How to Handle Small Context Window Limits in RAG Systems
Sviatoslav Barbutsa · 2026-06-18 · via freeCodeCamp Programming Tutorials: Python, JavaScript, Git & More
How to Handle Small Context Window Limits in RAG Systems

Retrieval-augmented generation, or RAG, is a pattern where an application retrieves relevant source material and adds it to a model prompt so the model can answer from that context.

A larger context window in a RAG system shouldn't be treated as a substitute for good context management, although it can make the experience more forgiving for the end user. It's like running unoptimized graphics on a powerful GPU: the extra capacity can hide inefficiency for a while, but it doesn't eliminate the underlying optimization problem.

But even a very large context window still has a hard limit. If you keep adding tokens, you can eventually exceed it. This problem becomes more visible on consumer hardware, where limited memory and compute usually mean smaller usable context windows.

I ran into this problem while experimenting with local models on a consumer laptop with 12 GB of VRAM. RAG worked well for small tests but as soon as the documents got larger, the system would retrieve useful chunks and still fail to answer well.

The issue wasn't always retrieval. Sometimes the right chunk had been found, but the final prompt didn't have room for it.

This article walks through the solution I implemented for this problem:

Document summary → chunk summary → raw chunk → final answer

The pattern is based on three rules:

  • Use summaries for retrieval.

  • Use raw chunks for answering.

  • Use a context budget to decide what reaches the model.

To keep the demo simple and convenient, the companion repository uses small Python and TypeScript examples with a simplified in-memory retrieval store and a simplified answer extractor. This lets you see the article’s core ideas in practice without installing a full stack of dependencies, downloading models, running a Large Language Model (LLM) server, setting up an embedding service, or configuring a vector database.

That setup process could easily become its own dedicated article, so this tutorial keeps the runnable examples focused on the small-context RAG pattern: summaries for retrieval, raw chunks for answers, and a visible context budget.

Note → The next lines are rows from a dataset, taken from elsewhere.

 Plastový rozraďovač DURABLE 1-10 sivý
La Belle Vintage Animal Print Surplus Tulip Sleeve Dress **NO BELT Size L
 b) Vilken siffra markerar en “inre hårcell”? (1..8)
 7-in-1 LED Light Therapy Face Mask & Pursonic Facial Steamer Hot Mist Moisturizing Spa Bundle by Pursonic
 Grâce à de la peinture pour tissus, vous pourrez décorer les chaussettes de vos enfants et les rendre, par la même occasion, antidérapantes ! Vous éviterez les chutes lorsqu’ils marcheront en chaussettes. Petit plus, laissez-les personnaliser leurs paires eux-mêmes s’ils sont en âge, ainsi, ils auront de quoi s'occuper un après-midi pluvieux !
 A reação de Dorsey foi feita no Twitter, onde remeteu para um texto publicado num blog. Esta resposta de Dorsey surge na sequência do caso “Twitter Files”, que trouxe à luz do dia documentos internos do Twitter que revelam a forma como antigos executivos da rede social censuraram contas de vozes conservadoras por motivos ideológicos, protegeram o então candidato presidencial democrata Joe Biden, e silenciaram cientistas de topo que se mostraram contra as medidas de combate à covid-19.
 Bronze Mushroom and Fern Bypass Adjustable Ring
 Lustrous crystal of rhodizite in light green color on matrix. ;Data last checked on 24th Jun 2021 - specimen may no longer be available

The repo demonstrates the data flow and debugging pattern rather than production-grade model quality. In production, you'd want to replace the simplified summarizer, in-memory similarity search, and token estimator with your own model, embedding store, reranker, and tokenizer.

Table of Contents

  • What You Will Implement

  • Prerequisites

  • Why Basic RAG Can Fail with a Small Context Window

  • How Summary Routing Works

  • How to Represent Documents and Chunks

  • How to Split Documents into Raw Chunks

  • How to Summarize Chunks and Documents

  • How to Recursively Reduce Summaries

  • How to Implement the Hierarchical Index

  • How to Retrieve Through Summaries

  • How to Implement a Budgeted Raw Context

  • How to Run the Demo

  • How to Interpret the 250 vs 1200 Token Test

  • How This Relates to Existing RAG Techniques

  • When to Use This Pattern

  • Conclusion

What You Will Implement

In this tutorial, you'll implement a small educational RAG pipeline that manages context window limitations by processing documents across three levels:

  • Document records contain a short summary used to choose likely documents.

  • Chunk records contain a short summary used to choose likely chunks inside those documents, plus the raw source text.

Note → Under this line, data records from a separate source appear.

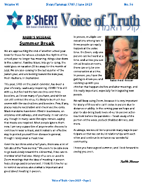 As we close out another year with the Voice of Truth (my first full year of editing), I wanted to give a big THANK YOU to all of the people who contribute to this monthly newsletter. Your articles and your pictures are what makes the Voice of Truth worth reading, AND it connects congregants near and far to all of B'ShERT's great events. Hopefully you look forward to every issue. Thank you, as always, to Audrey, our editor, for making my job easier every month. Now for a bit of house keeping: I would like to see our advertisements increase for next year. We have some several long-time advertisers who have been dedicated to offering their servces year after year. It would be nice to see some fresh faces or new business join their ranks. If you know a person or a business who would like to advertise on our newsletter, please have them email news@bshert.org. Note: all advertisements are subject to the approval of the editing and/or executive team. Have a great summer everyone! Bill
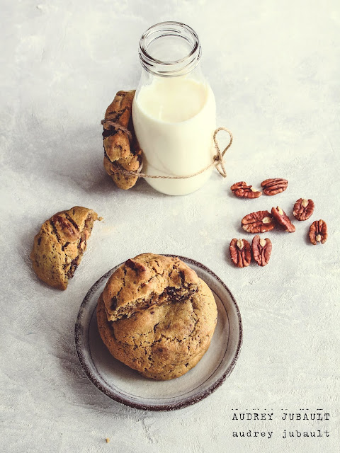 Pour cette recette, les cookies sont dodus, au chocolat noir et des morceaux de noix de pécan. Ils ne sont pas rester longtemps dans la boîte à biscuits.
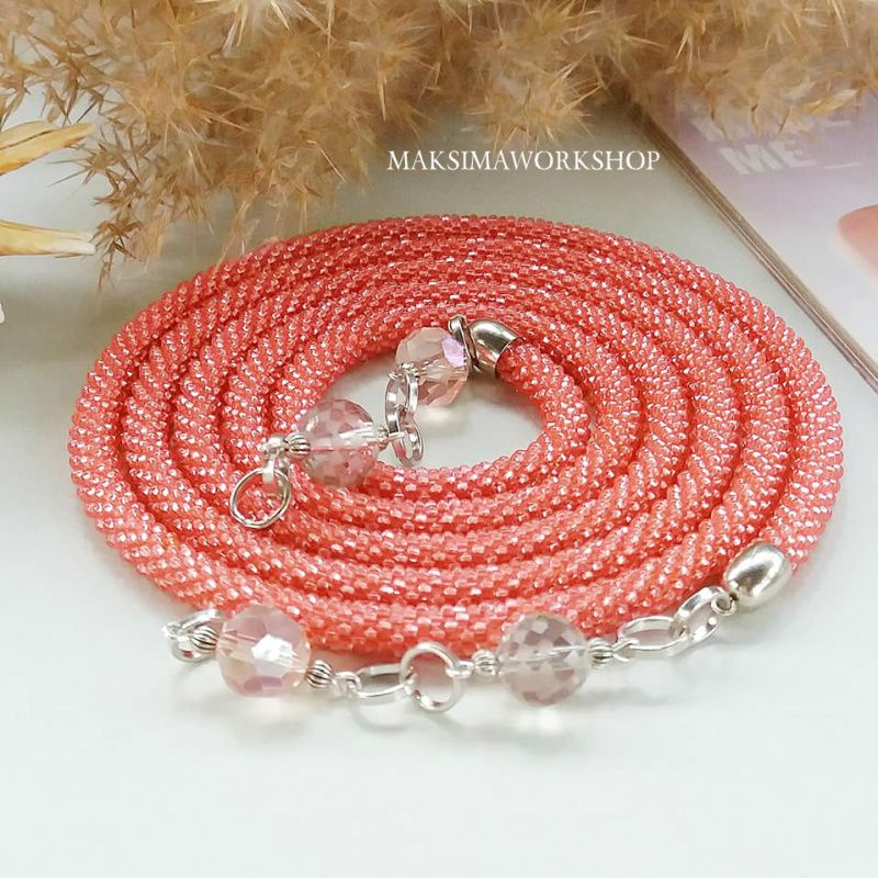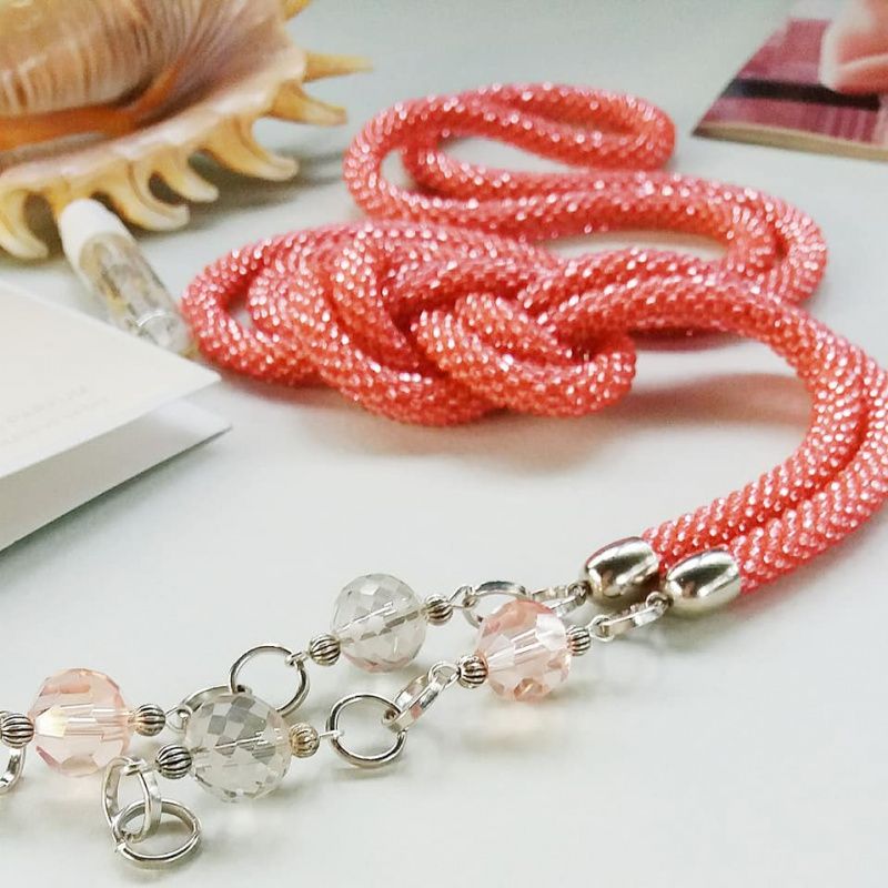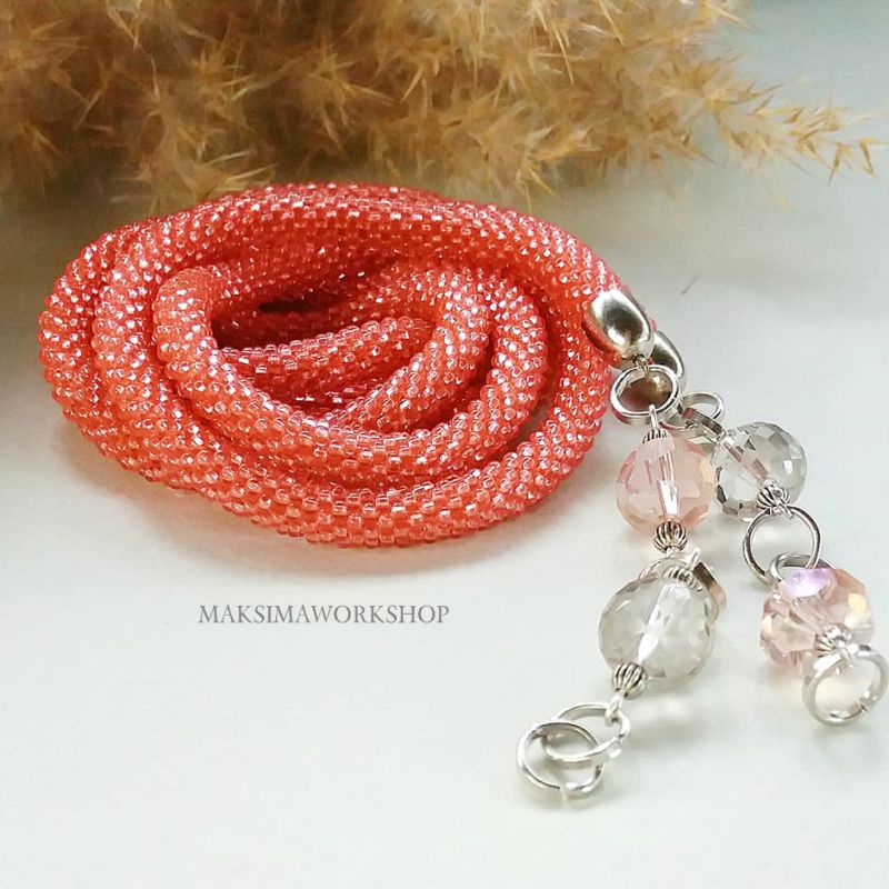 Лариат из чешского бисера красивого Кораллового цвета! Подвески выполнены из хрустальных чешских бусин. Длина с подвесками 148 см. Ярко, но в то же время лаконично, элегантно и очень женственно. Выглядит Лариат стильно, выразительно и современно. Лариат универсальная украшение, его одевают как тонкий шарф или краватку.Або как браслет в несколько оборотов в руке.
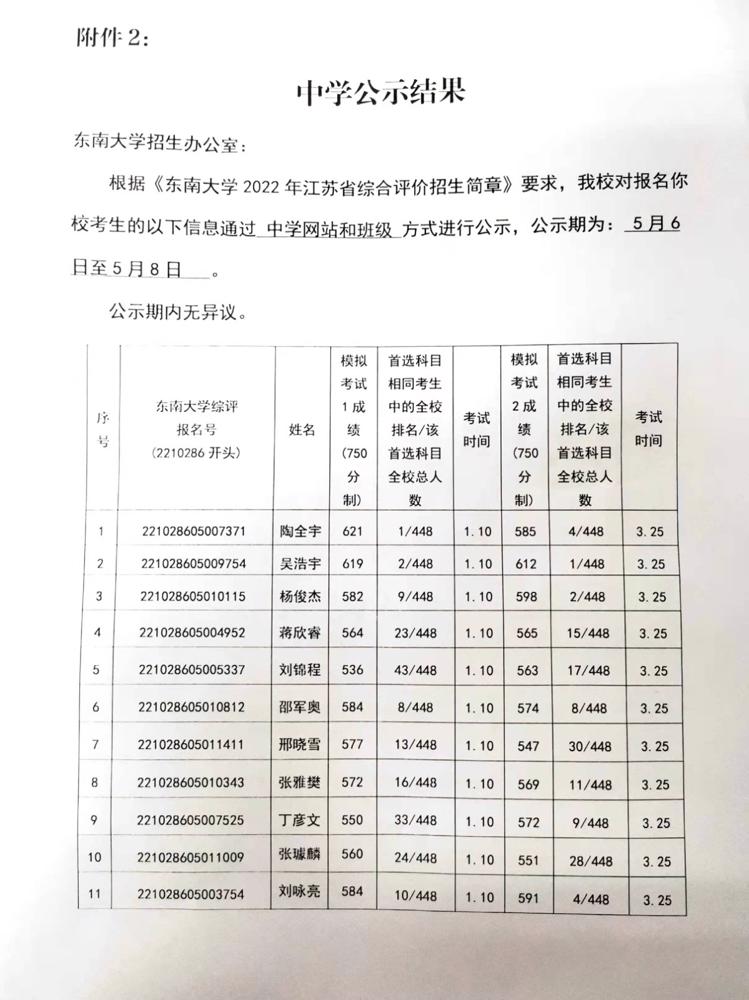 2022年雨花台中学报考东南大学综合素质评价公示结果

  • Raw context contains selected raw chunks packed into a fixed token budget.

The important distinction is that summaries are only used to decide where to look. They're not used as final evidence.

That matters because summaries are lossy. They compress information, and they may leave out the detail needed to answer the user's question. Raw chunks, by contrast, are larger, but they preserve the original wording.

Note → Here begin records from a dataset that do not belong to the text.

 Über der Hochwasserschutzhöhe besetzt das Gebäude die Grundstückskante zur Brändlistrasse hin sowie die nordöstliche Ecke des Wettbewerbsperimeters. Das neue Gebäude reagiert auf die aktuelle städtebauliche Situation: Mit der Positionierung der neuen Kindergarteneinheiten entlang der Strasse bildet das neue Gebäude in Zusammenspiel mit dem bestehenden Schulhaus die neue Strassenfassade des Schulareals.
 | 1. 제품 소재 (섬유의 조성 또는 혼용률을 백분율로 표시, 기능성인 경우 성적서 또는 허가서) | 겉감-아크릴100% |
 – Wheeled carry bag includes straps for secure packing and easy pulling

The demo prints a trace for every question:

  • Document summary hits

  • Chunk summary hits

  • Raw chunks included

  • Raw chunks skipped

  • Answer

That trace is the debugging interface. It shows whether retrieval failed, or whether prompt assembly skipped useful evidence because the context budget was too small.

Prerequisites

To follow along, you need one of these:

  • Python 3.10 or newer

or:

  • Node.js 22 or newer

  • npm

You'll get the most out of this article if you're already comfortable with:

  • basic Python or TypeScript syntax

  • running commands in a terminal

  • reading small data classes, functions, and lists or maps

  • the general idea of an LLM prompt and context window

  • the basic RAG idea: retrieve relevant source text, add it to a prompt, and answer from that context

You don't need prior experience with vector databases, embedding APIs, LangChain, LlamaIndex, or local LLM setup.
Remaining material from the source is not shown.